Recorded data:

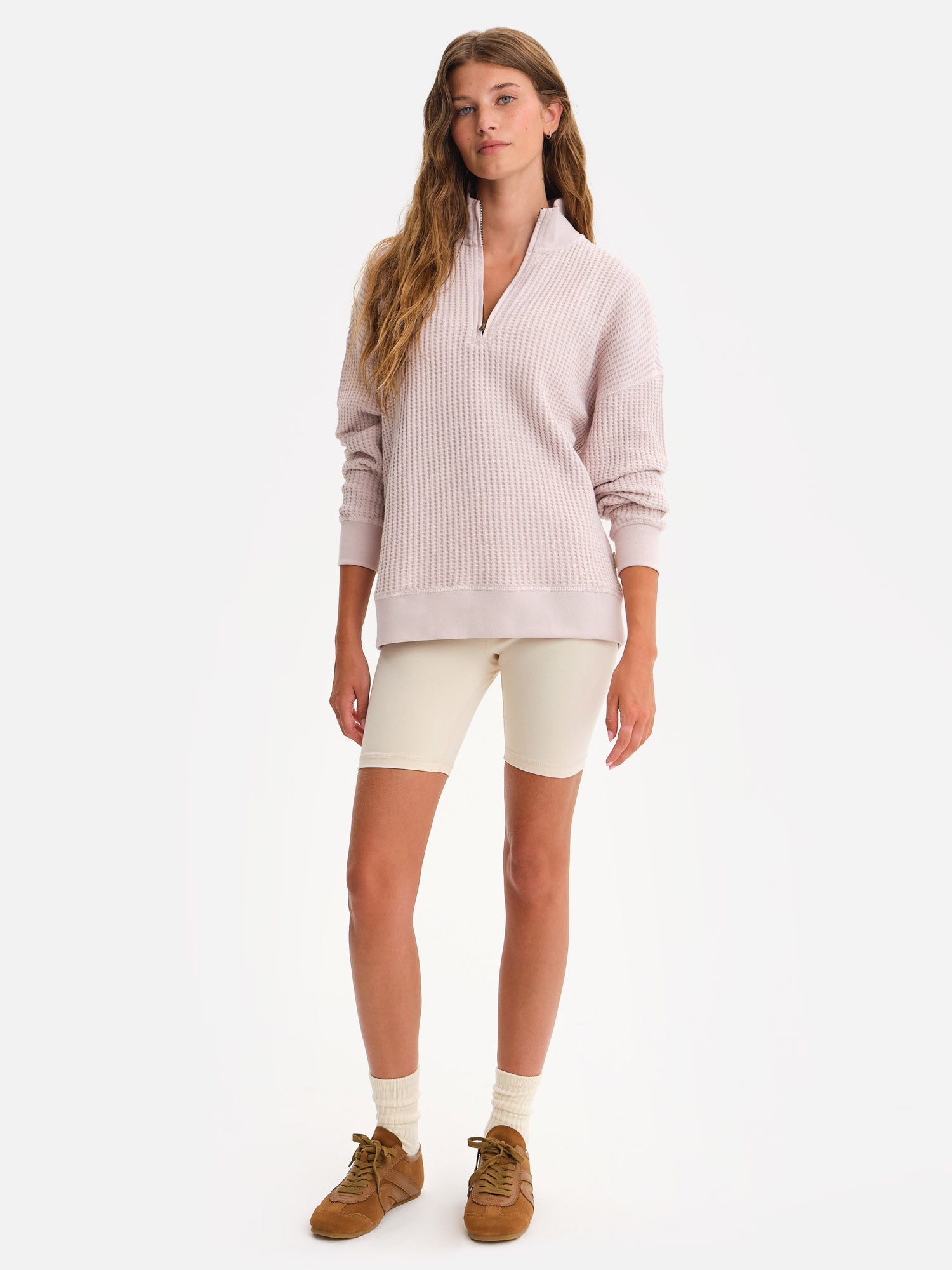 GOTS Certified Organic Waffle Collared Half-Zip Sweatshirt. Features ribbed sleeve cuffs and bottom hem.
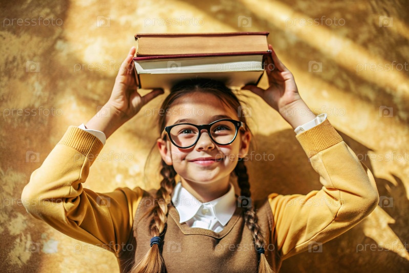 Красивая девочка с очками и книгами на голове.Ребенок впервые ходит в школу.Дети на свежем воздухе.Возвращение к школе
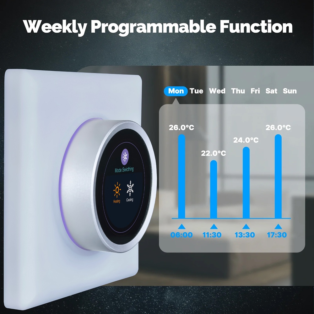 Energy-saving with intelligent temperature control: Save on energy bills by easily adjusting the temperature using the intelligent temperature control feature of this WiFi thermostat with a rotary knob.
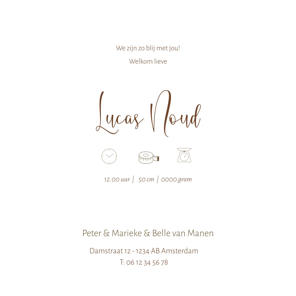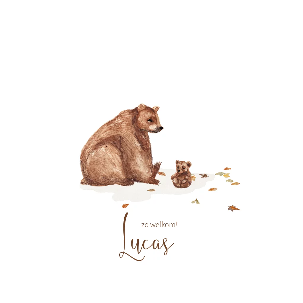 Dit stoere geboortekaartje voor een jongen heeft een getekende illustratie van beer met een klein beertje. Daaromheen wat vallende bladeren, wat het kaartje een herfst uitstraling geeft. De blaadjes kan je ook weghalen.
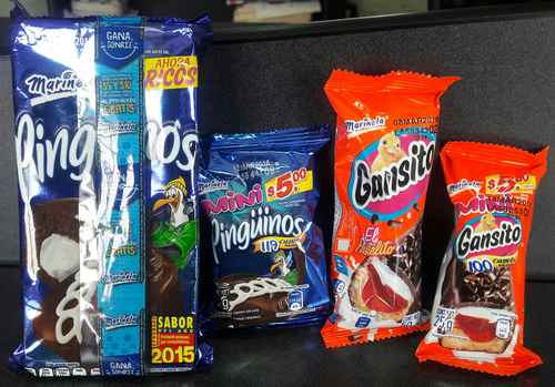 El Gansito y los Pingüinos Marinela, por ejemplo, cuestan ocho y nueve pesos en presentaciones de 50 y 80 gramos, respectivamente, pero ahora vienen en paquetes de 25 y 30 gramos marcados a cinco pesos, así que aunque la gente paga menos, proporcionalmente el producto es más caro por menos cantidad.
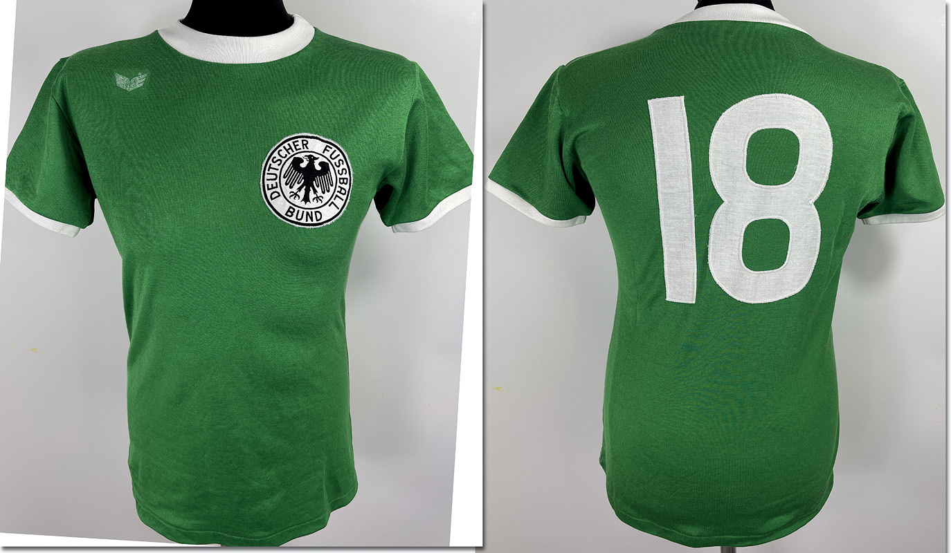 match worn football shirt germany 1977 - Original match-worn DFB player jersey with the number 18, worn by Rüdiger Abramczik. Worn during the 1977 South American tour. The jersey comes from the collection of a former DFB employee. Condition ABB.Short-sleeved jersey; size L; DFB crest sewn on; Erima manufacturer's logo rubberized, player number sewn on, 55% cotton, 45% polyester; Made in West Germany Condition: A
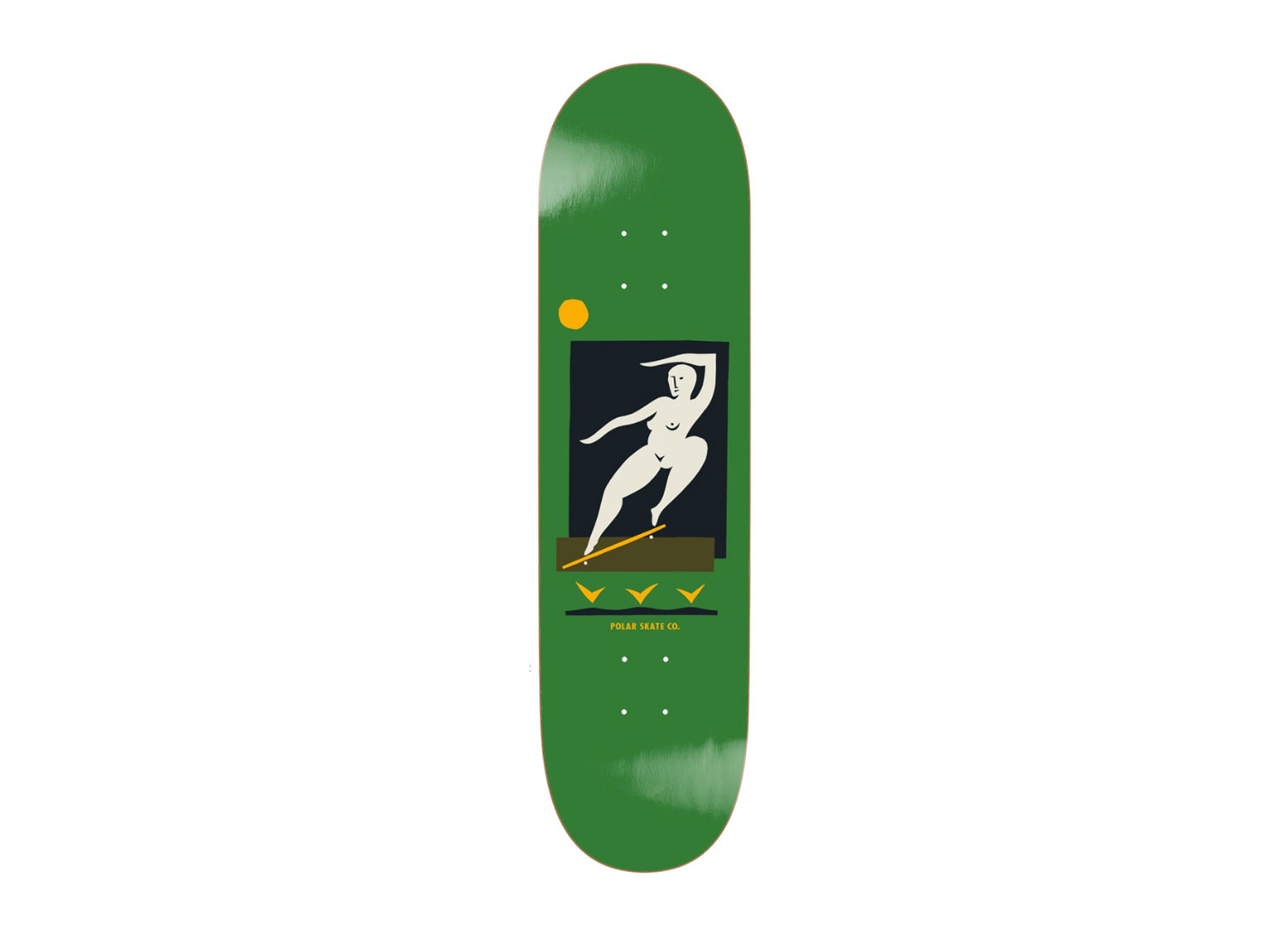 POLAR SKATE CO Team BS Smith Green. Board made of 7 layers of North American maple hardwood. High concave. Shape Square. Full Pint. Delivered with a free HAZE creep microperforated grip. If you wish the board to be griped, please let us know in the comments of your order. Size : 8.25
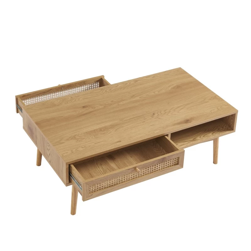 Table Basse INES Effet Chêne Et Cannage Rotin
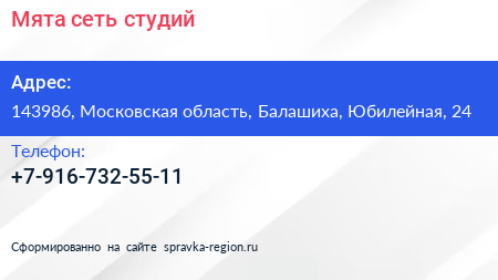 Мята, сеть студий по адресу 143986, Московская область, Балашиха, Юбилейная, 24 в дальнейшем Организация, размещена в следующих категориях:
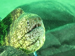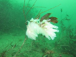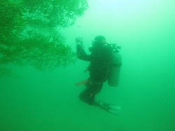 今日もベタベタの海。朝は雨が降っていましたが、今は時折晴れ間も出ます。透明度はきのうに比べるとちょっと回復。砂地にも問題なく出て行けるレベルです。水は伊豆グリーンなのですが、そのグリーンと七夕の笹の葉がマッチしてとってもいい感じなんです!しかも今年はものすごい勢いで卵を産んでいるアオリイカ、早速笹にも産んでます。それがまたキレイ~。下に落ちてしまっている卵を観察してみると・・・はやくも卵の中でしっかりとイカの形に成長していました~。そして卵を狙って産卵床のまわり、ミノカサゴだらけ~になってまし。赤ちゃんミノカサゴもいたりして、とってもかわいいです♪カエルアンコウのベビーも、飽きるくらい見られますよ、なんて贅沢~♪
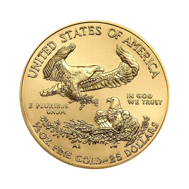 This gold American Eagle coin from the USA contains exactly 1/2 troy ounce of pure gold and has been issued since 1986 as the investment coin of America. We provide gold coins from various previous years.
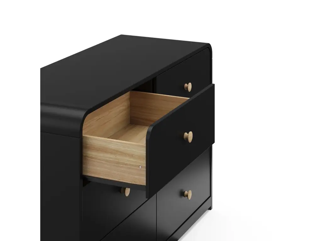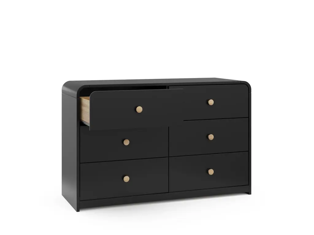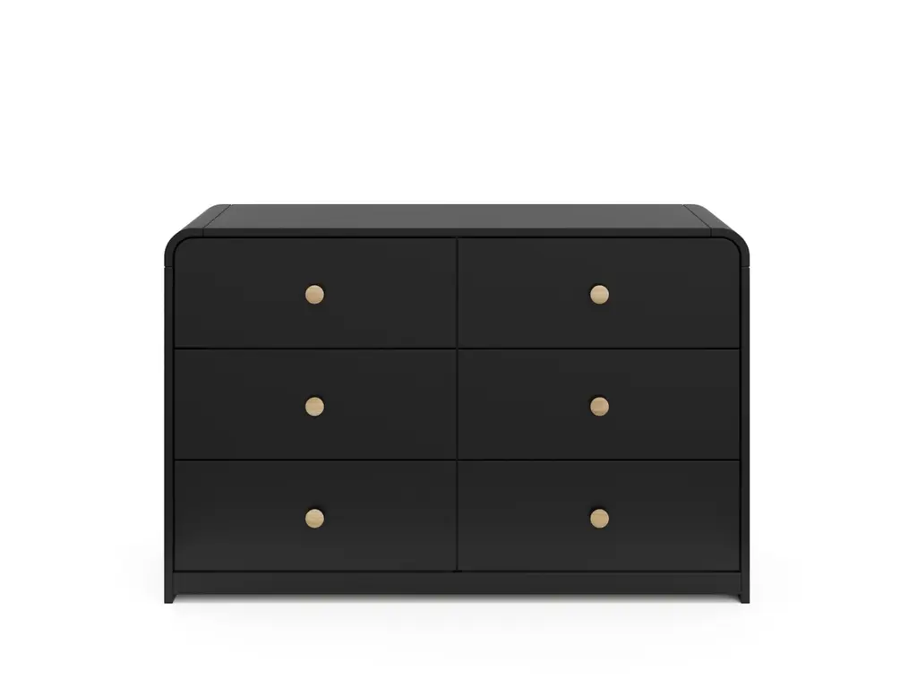 Introducing the Storkcraft Next Santos 6 Drawer Dresser, by Storkcraft. Organize your kids bedroom in style with the 6 Drawer Dresser. With its clean lines, rounded silhouette, and two-tone aesthetic, the Santos is sure to add a pop of style and storage convenience to any kids bedroom. For even more bedroom storage, pair your Santos 6 Drawer Dresser with the Santos 2-Drawer Nightstand. This 6 Drawer Dresser was crafted to seamlessly complement the entire Storkcraft Next Santos Collection or any kids bedroom furniture of your choice. Plus, it prioritizes safety with its innovative interlocking drawer system and tip-over restraint kit, minimizing furniture tip-over hazards.
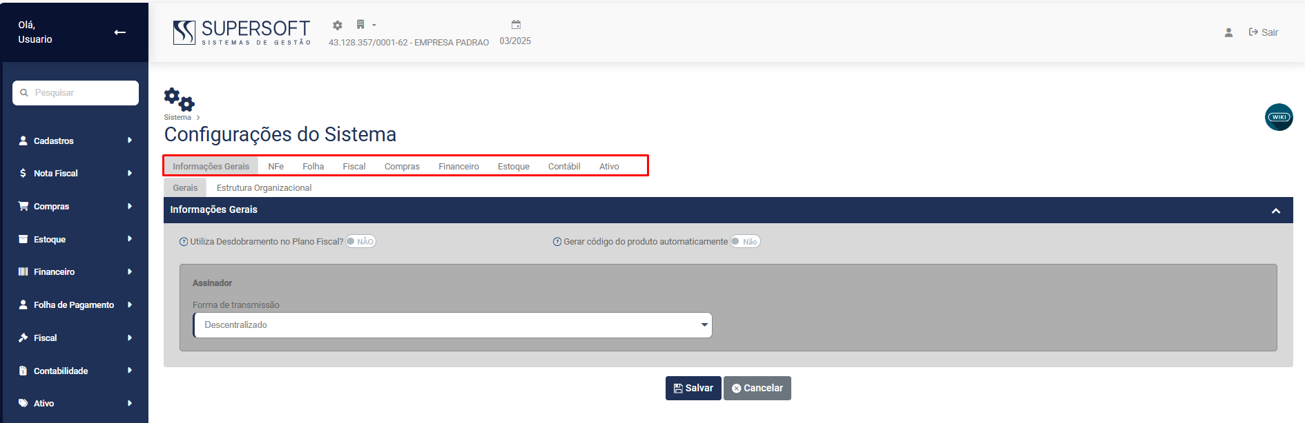 Ao acessar o botão Configurações, o Módulo apresentará a tela com as Informações Gerais (informações padrões que servirão e atenderão todos os Módulos) e as Configurações de cada Módulo que será utilizado por sua Empresa
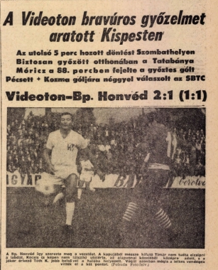 Ugyancsak Tímárral kezdődött csapatunk összeállítása 1968. augusztus 11-én, amikor először játszottunk NB I-es bajnokit a Bozsik Stadionban. Az első kispesti szereplésünk nagyon jól sikerült, hiszen Kovács I László és Balogh Károly góljaival 2-1-re nyertünk a fővárosban.

_Task requirements:_
With the pictures omitted, the records above are to be repeated exactly.

_Exercise answer:_
 GOTS Certified Organic Waffle Collared Half-Zip Sweatshirt. Features ribbed sleeve cuffs and bottom hem.
 Красивая девочка с очками и книгами на голове.Ребенок впервые ходит в школу.Дети на свежем воздухе.Возвращение к школе
 Energy-saving with intelligent temperature control: Save on energy bills by easily adjusting the temperature using the intelligent temperature control feature of this WiFi thermostat with a rotary knob.
 Dit stoere geboortekaartje voor een jongen heeft een getekende illustratie van beer met een klein beertje. Daaromheen wat vallende bladeren, wat het kaartje een herfst uitstraling geeft. De blaadjes kan je ook weghalen.
 El Gansito y los Pingüinos Marinela, por ejemplo, cuestan ocho y nueve pesos en presentaciones de 50 y 80 gramos, respectivamente, pero ahora vienen en paquetes de 25 y 30 gramos marcados a cinco pesos, así que aunque la gente paga menos, proporcionalmente el producto es más caro por menos cantidad.
 match worn football shirt germany 1977 - Original match-worn DFB player jersey with the number 18, worn by Rüdiger Abramczik. Worn during the 1977 South American tour. The jersey comes from the collection of a former DFB employee. Condition ABB.Short-sleeved jersey; size L; DFB crest sewn on; Erima manufacturer's logo rubberized, player number sewn on, 55% cotton, 45% polyester; Made in West Germany Condition: A
 POLAR SKATE CO Team BS Smith Green. Board made of 7 layers of North American maple hardwood. High concave. Shape Square. Full Pint. Delivered with a free HAZE creep microperforated grip. If you wish the board to be griped, please let us know in the comments of your order. Size : 8.25
 Table Basse INES Effet Chêne Et Cannage Rotin
 Мята, сеть студий по адресу 143986, Московская область, Балашиха, Юбилейная, 24 в дальнейшем Организация, размещена в следующих категориях:
 今日もベタベタの海。朝は雨が降っていましたが、今は時折晴れ間も出ます。透明度はきのうに比べるとちょっと回復。砂地にも問題なく出て行けるレベルです。水は伊豆グリーンなのですが、そのグリーンと七夕の笹の葉がマッチしてとってもいい感じなんです!しかも今年はものすごい勢いで卵を産んでいるアオリイカ、早速笹にも産んでます。それがまたキレイ~。下に落ちてしまっている卵を観察してみると・・・はやくも卵の中でしっかりとイカの形に成長していました~。そして卵を狙って産卵床のまわり、ミノカサゴだらけ~になってまし。赤ちゃんミノカサゴもいたりして、とってもかわいいです♪カエルアンコウのベビーも、飽きるくらい見られますよ、なんて贅沢~♪
 This gold American Eagle coin from the USA contains exactly 1/2 troy ounce of pure gold and has been issued since 1986 as the investment coin of America. We provide gold coins from various previous years.
 Introducing the Storkcraft Next Santos 6 Drawer Dresser, by Storkcraft. Organize your kids bedroom in style with the 6 Drawer Dresser. With its clean lines, rounded silhouette, and two-tone aesthetic, the Santos is sure to add a pop of style and storage convenience to any kids bedroom. For even more bedroom storage, pair your Santos 6 Drawer Dresser with the Santos 2-Drawer Nightstand. This 6 Drawer Dresser was crafted to seamlessly complement the entire Storkcraft Next Santos Collection or any kids bedroom furniture of your choice. Plus, it prioritizes safety with its innovative interlocking drawer system and tip-over restraint kit, minimizing furniture tip-over hazards.
 Ao acessar o botão Configurações, o Módulo apresentará a tela com as Informações Gerais (informações padrões que servirão e atenderão todos os Módulos) e as Configurações de cada Módulo que será utilizado por sua Empresa
 Ugyancsak Tímárral kezdődött csapatunk összeállítása 1968. augusztus 11-én, amikor először játszottunk NB I-es bajnokit a Bozsik Stadionban. Az első kispesti szereplésünk nagyon jól sikerült, hiszen Kovács I László és Balogh Károly góljaival 2-1-re nyertünk a fővárosban.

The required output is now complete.